Before parting, we have an observation to make. The same is that a feeling is gathering ground that where unauthorised constructions are demolished on the force of the order of Courts, the illegality is not taken care of fully inasmuch as the officer of the statutory body who had allowed the unauthorised construction to be made or make illegal allotments go scot free. This should not, however, have happened for two reasons. First, it is the illegal action/order of the officer which lies at the root of the unlawful act of the citizen concerned, because of which the officer lies at the root of the unlawful act of the citizen concerned, because of which the officer is more to be blamed than the recipient of the illegal benefit. It is thus imperative, according to us, that while undoing the mischief which would require the demolition of the unauthorised construction, the Delinquent Officer has also to be punished in accordance with law. This, however, seldom happens. Secondly, to take care of the injustice completely, the officer who had misused his power has also to be properly punished. Otherwise, what happens is that the officer, who made the hay when the sun shined, retains the hay, which tempts others to do the same. This really gives fillip to the commission of tainted acts, whereas the aim should be opposite.

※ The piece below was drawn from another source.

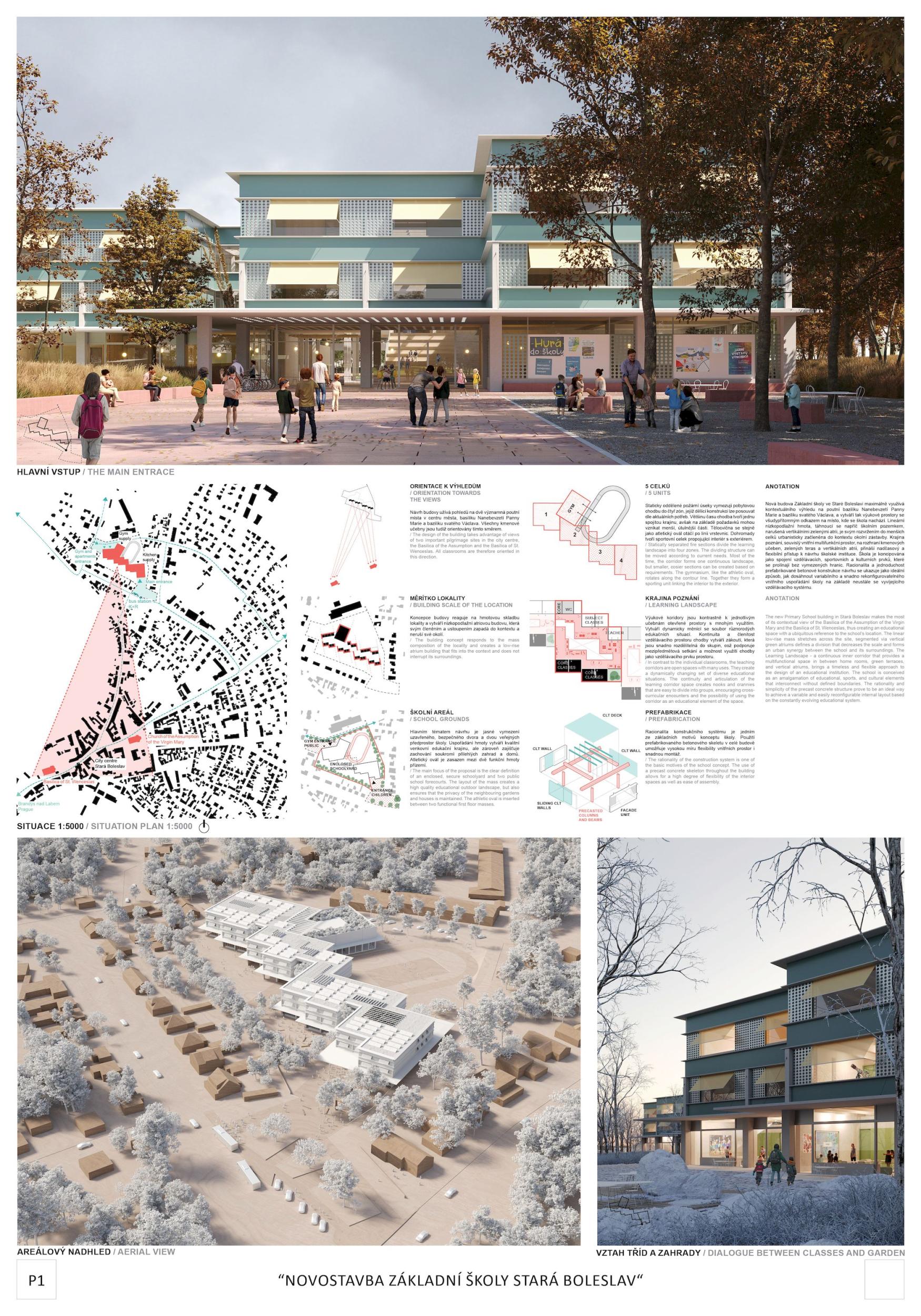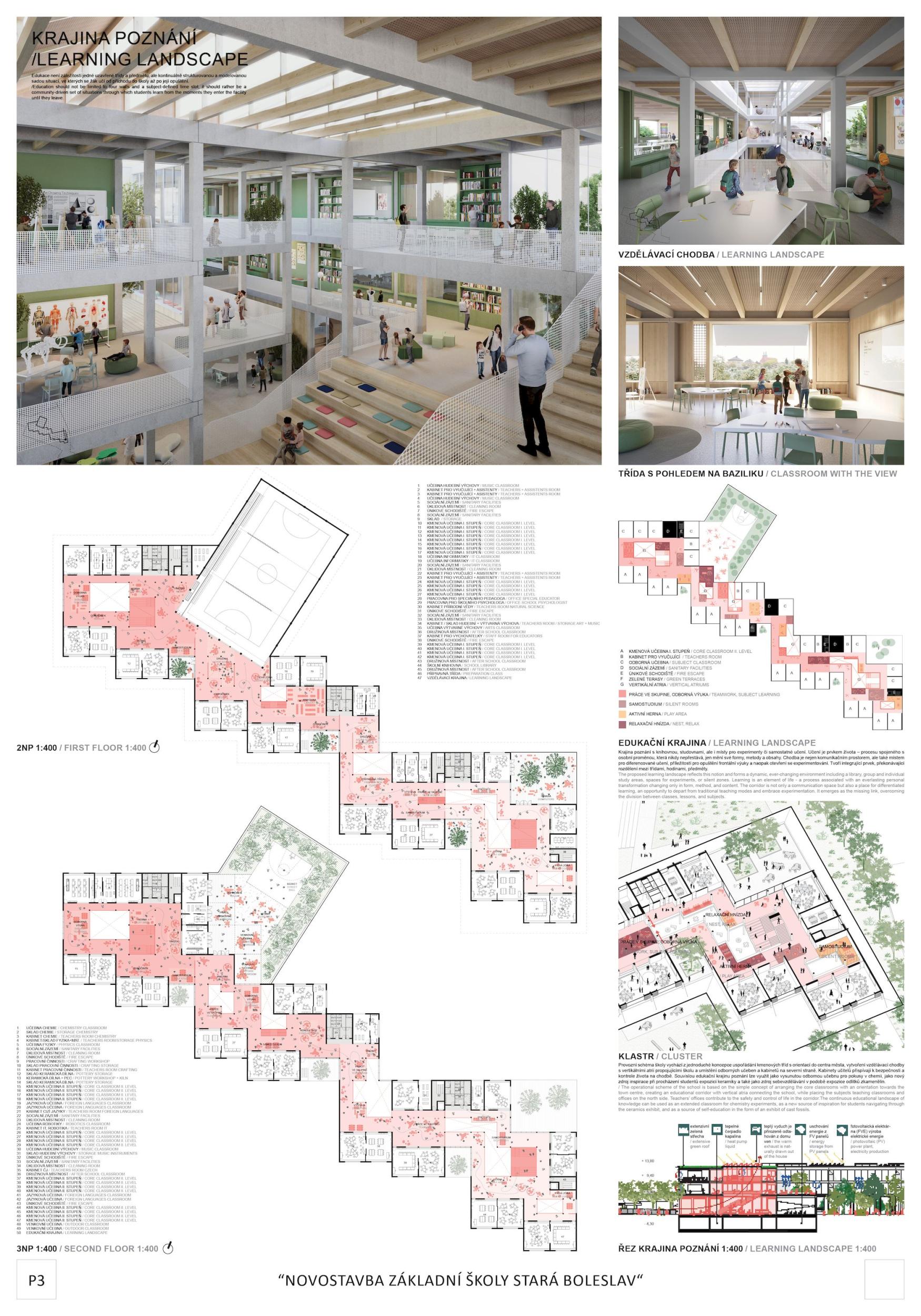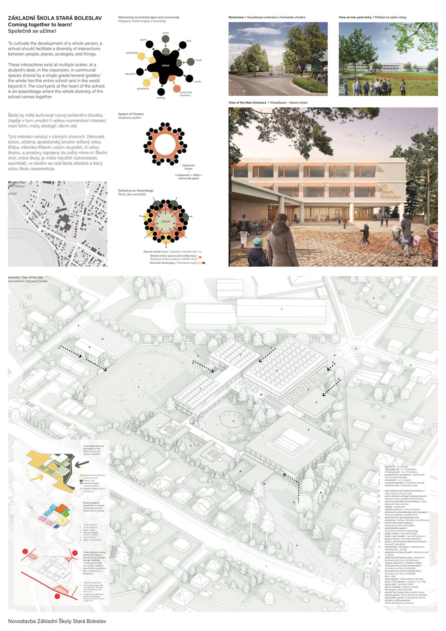 The new Primary School building in Stará Boleslav makes the most of its contextual view of the Basilica of the Assumption of the Virgin Mary and the Basilica of St. Wenceslas, thus creating an educational space with a ubiquitous reference to the school’s location. The linear low-rise mass stretches across the site, segmented via vertical green atriums defines a division that decreases the scale and forms an urban synergy between the school and its surroundings. The Learning Landscape - a continuous inner corridor that provides a multifunctional space in between home rooms, green terraces, and vertical atriums, brings a timeless and flexible approach to the design of an educational institution. The school is conceived as an amalgamation of educational, sports, and cultural elements that interconnect without defined boundaries. The rationality and simplicity of the precast concrete structure prove to be an ideal way to achieve a variable and easily reconfigurable internal layout based on the constantly evolving educational system.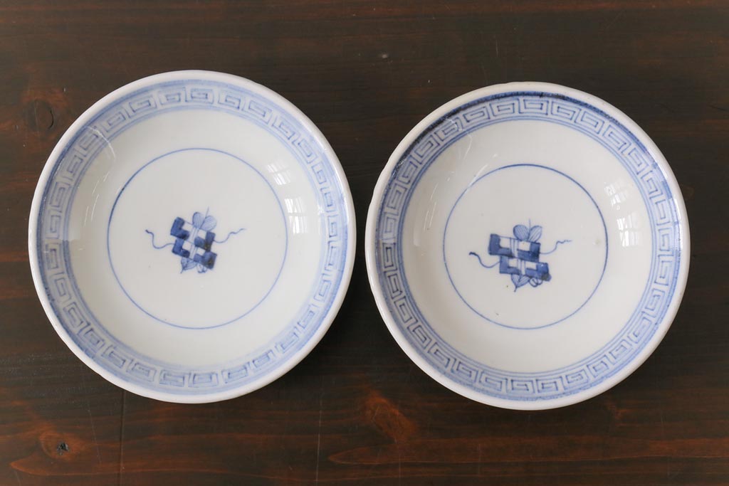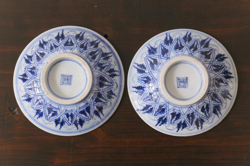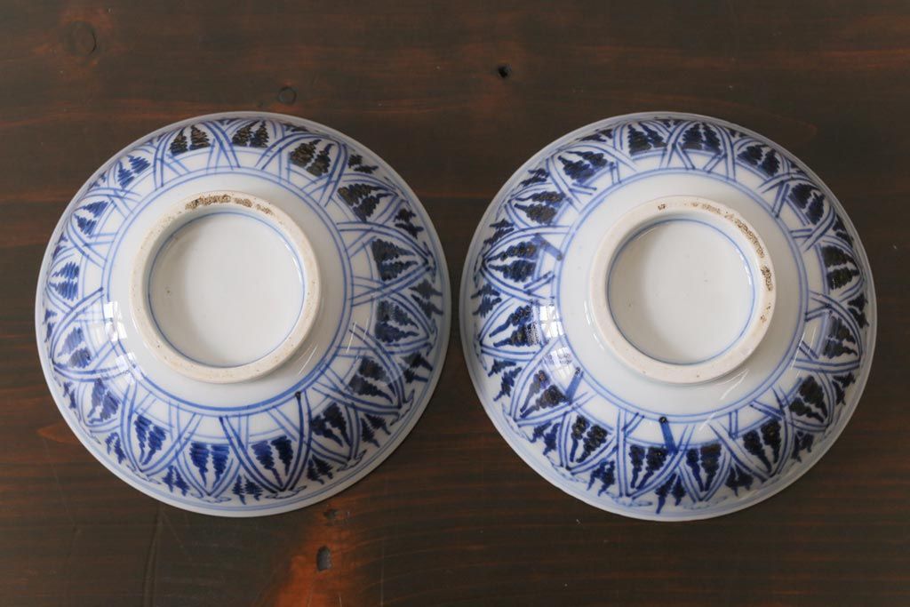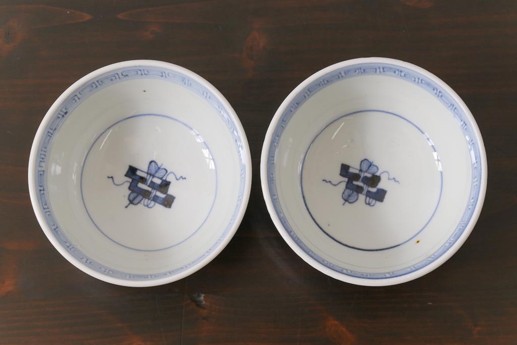 ラフジュ工房> 和食器・茶道具 > 古民具・骨董 幕末明治期 味のある絵柄のアンティーク蓋付茶碗2客セット(和食器)(3)

18. While parting we have to observe that we had to ourselves search and connect the facts in chronology to enable us to appreciate the case to come to its logical conclusion in the absence of proper details, correct particulars and there being many missing links and truncated documents produced by the petitioner. The petitioner, perhaps, was under an impression that we were sitting under a banyan tree to impart justice and not under Article 226 of the Constitution of India, according a law.

19. In view of the above discussion, we dismiss the petition at this stage itself with no orders as to costs.

20. Issuance of certified copy expedited.